Newsweek really pissed me off and I started blogging about the good, the bad, the humorous and the ugly of military life because most MSM outlets like Newsweek weren’t. If it didn’t fit the template of “Bush sucks, the war sucks, the military is failing,” then it didn’t get published by most of the MSM.

There was a distinct void of coverage of what was actually happening in Iraq and Afghanistan. My friends were sending emails, reports, after-action-reviews, and photos that were contradicting what I was reading in the NYTimes and the WashPo. So I started posting about them. And Blackfive.net took on a life of it’s own…

Simon Owens: Much of the rhetoric in the 2004 election and in political dicussions today involve the “message” we send the troops when criticising the war. As a military blogger, what is the notion of this “message,” and does it imply that we’re sending false messages of reality to the troops in order to boost morale?

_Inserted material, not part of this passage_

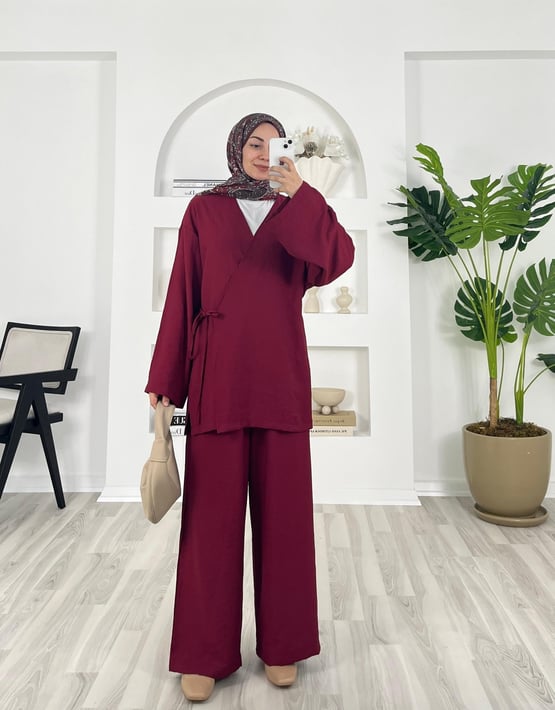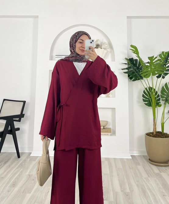 5896-çilek kumaş-yandan bağlamalı pantolonlu kimono takım-bordo (5896)

Blackfive: Well, you are asking first about the message you send the troops when you criticize the war. Saying that you support the troops and not the war, sends the troops the message that (1) you don’t support their mission which,ergo, means them and (2) that you don’t approve of what they are doing.

I have no idea what you mean about “sending false messages of reality to the troops in order to boost morale.” The messages you describe at the beginning of your question clearly would not boost morale. In fact, I would argue that it would have the opposite effect.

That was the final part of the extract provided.